The Foundation: A Modular Architecture

A system is only as strong as its architecture. To avoid a monolithic beast and promote clean code, I designed a shared/ package to house core, reusable components. This deliberate separation allows each balancing algorithm to focus purely on its decision-making logic, while common tasks like health checking and request proxying are handled centrally.

This design delivers three key benefits:

Maintainability: Common logic is in one place.
Testability: Each component can be tested in isolation.
Extensibility: Adding a new algorithm is trivial; it simply reuses these battle-tested components.

This modularity isn’t just about tidy code; it’s a senior-level insight into building maintainable and resilient distributed systems.

Load Balancer Algorithms: The Intelligence Behind Distribution

The magic of load balancing isn’t in the proxying—it’s in the decision. How do you pick which server gets the next request?
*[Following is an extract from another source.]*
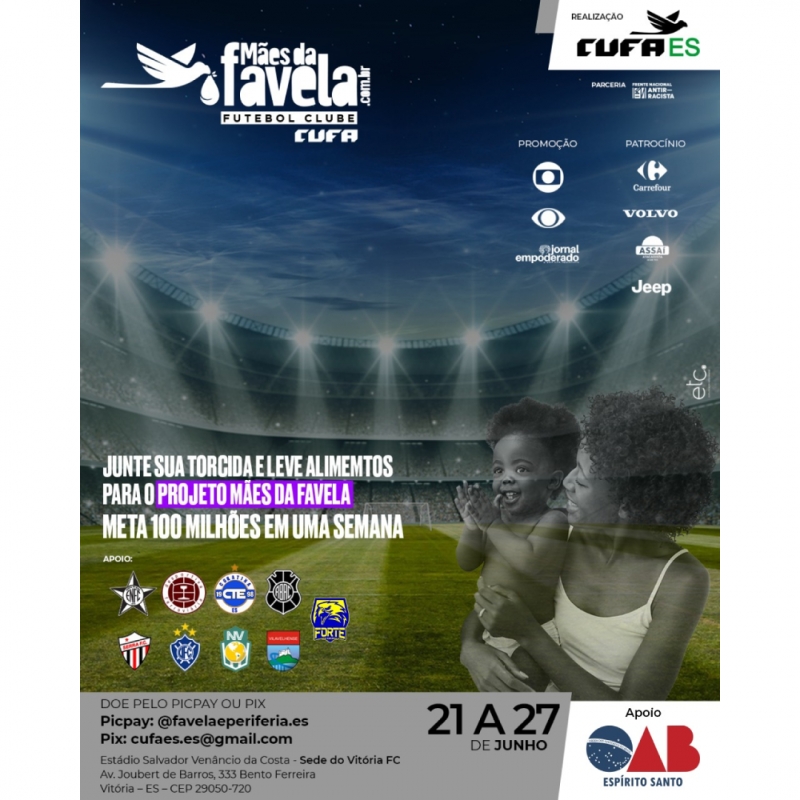A OAB-ES está apoiando a campanha nacional da Central Única das Favelas (Cufa), que decidiu unir forças com a Comunidade Door, a Frente Nacional Antirracista e clubes de futebol por todo o país e lançar a campanha Mães da Favela Futebol Clube.

Each algorithm embodies a different philosophy about fairness, efficiency, and the nature of load itself.

Random: Embracing Chaos

The Philosophy: Sometimes the best strategy is no strategy at all.
Random selection throws conventional wisdom out the window. No state tracking, no complex calculations—just pure statistical distribution over time. It’s the engineering equivalent of “it’ll work out.”

func (rb *RandomBalancer) NextBackend(r *http.Request) *shared.Backend {
    backends := rb.pool.GetAliveBackends()
    if len(backends) == 0 {
        return nil
    }
    index := rb.rand.Intn(len(backends))
    return backends[index]
}

When it shines: High-volume, short-lived requests where individual routing decisions don’t matter, but aggregate distribution does. Think API endpoints that return cached data or stateless microservices.
The catch: Short-term clustering is inevitable. You might randomly hit the same server three times in a row while another sits idle. For most workloads, this evens out. For latency-sensitive applications, those clusters can hurt.
The hidden insight: Random is actually brilliant for auto-scaling scenarios. No state means no coordination needed when backends come and go.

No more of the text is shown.